Novel ubiquitin-independent nucleolar c-Myc degradation pathway mediated by antizyme 2.

机构信息

Department of Molecular Biology, The Jikei University School of Medicine, 3-25-8 Nishi-shinbashi, Minato-ku, Tokyo, 105-8461, Japan.

出版信息

Sci Rep. 2018 Feb 14;8(1):3005. doi: 10.1038/s41598-018-21189-0.

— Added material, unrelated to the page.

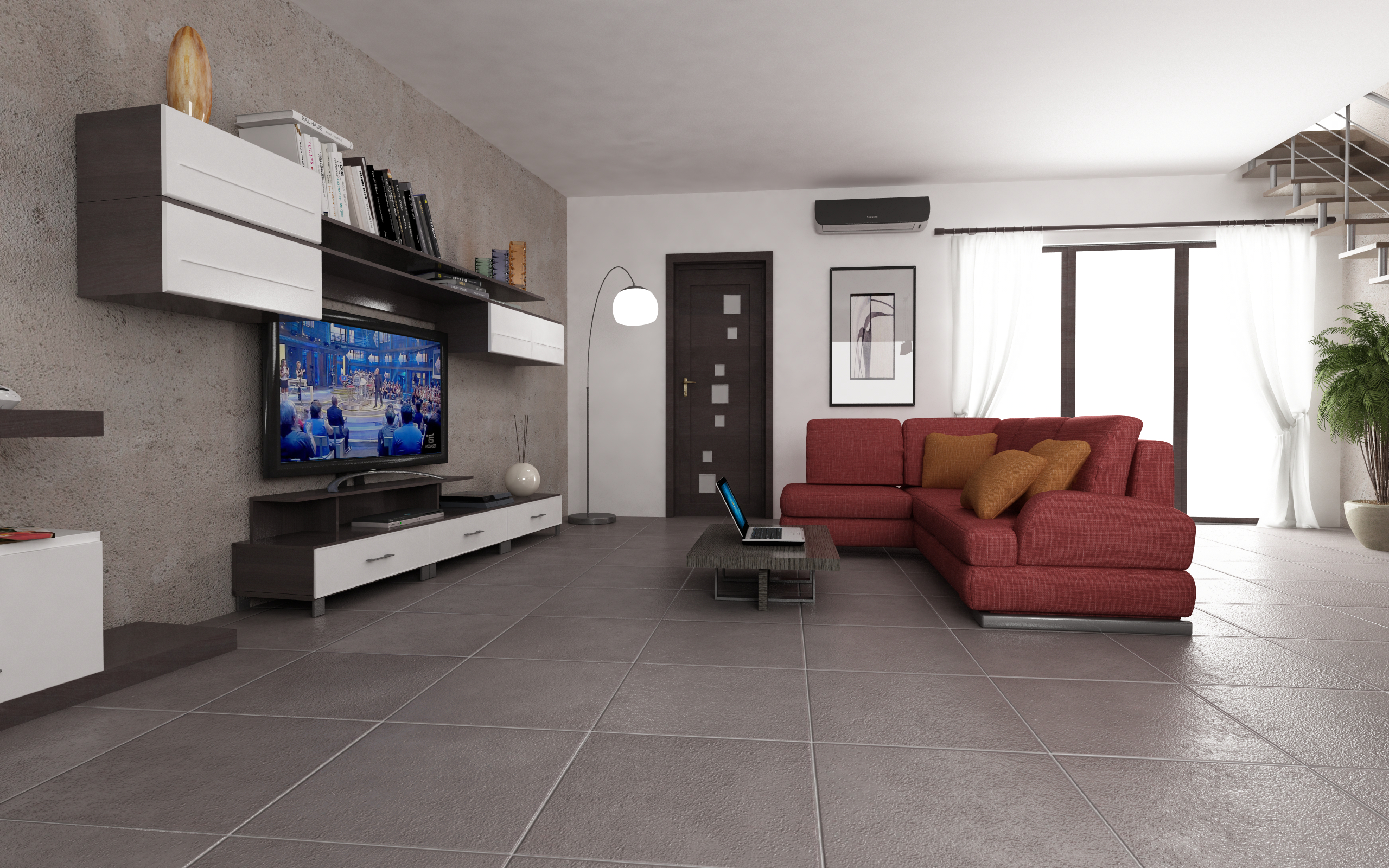Il tempo di render è tra le 2 ore, 2 ore e 30 min ho provato ad alzare un po i valori per eliminare le macchie scure sui muri e ci sono riuscito ma il tempo è aumentato a 12 ore a immagine.

DOI:10.1038/s41598-018-21189-0
PMID:29445227
原文链接:https://pmc.ncbi.nlm.nih.gov/articles/PMC5813005/
Abstract

The proto-oncogene c-Myc encodes a short-lived protein c-Myc that regulates various cellular processes including cell growth, differentiation and apoptosis. Degradation of c-Myc is catalyzed by the proteasome and requires phosphorylation of Thr-58 for ubiquitination by E3 ubiquitin ligase, Fbxw7/ FBW7. Here we show that a polyamine regulatory protein, antizyme 2 (AZ2), interacts with c-Myc in the nucleus and nucleolus, to accelerate proteasome-mediated c-Myc degradation without ubiquitination or Thr-58 phosphorylation. Polyamines, the inducer of AZ2, also destabilize c-Myc in an AZ2-dependent manner. Knockdown of AZ2 by small interfering RNA (siRNA) increases nucleolar c-Myc and also cellular pre-rRNA whose synthesis is promoted by c-Myc. AZ2-dependent c-Myc degradation likely operates under specific conditions such as glucose deprivation or hypoxia. These findings reveal the targeting mechanism for nucleolar ubiquitin-independent c-Myc degradation.

摘要

原癌基因 c-Myc 编码一种短寿命的蛋白质 c-Myc,它调节包括细胞生长、分化和凋亡在内的各种细胞过程。c-Myc 的降解由蛋白酶体催化,需要 Thr-58 的磷酸化,以便被 E3 泛素连接酶 Fbxw7/FBW7 泛素化。在这里,我们表明多胺调节蛋白,抗酶 2(AZ2),在核和核仁中与 c-Myc 相互作用,以加速蛋白酶体介导的 c-Myc 降解,而无需泛素化或 Thr-58 磷酸化。多胺是 AZ2 的诱导剂,也以 AZ2 依赖的方式使 c-Myc 不稳定。通过小干扰 RNA(siRNA)敲低 AZ2 会增加核仁 c-Myc 以及由 c-Myc 促进合成的细胞前 rRNA。AZ2 依赖性 c-Myc 降解可能在特定条件下发生,例如葡萄糖剥夺或缺氧。这些发现揭示了核仁中非泛素依赖的 c-Myc 降解的靶向机制。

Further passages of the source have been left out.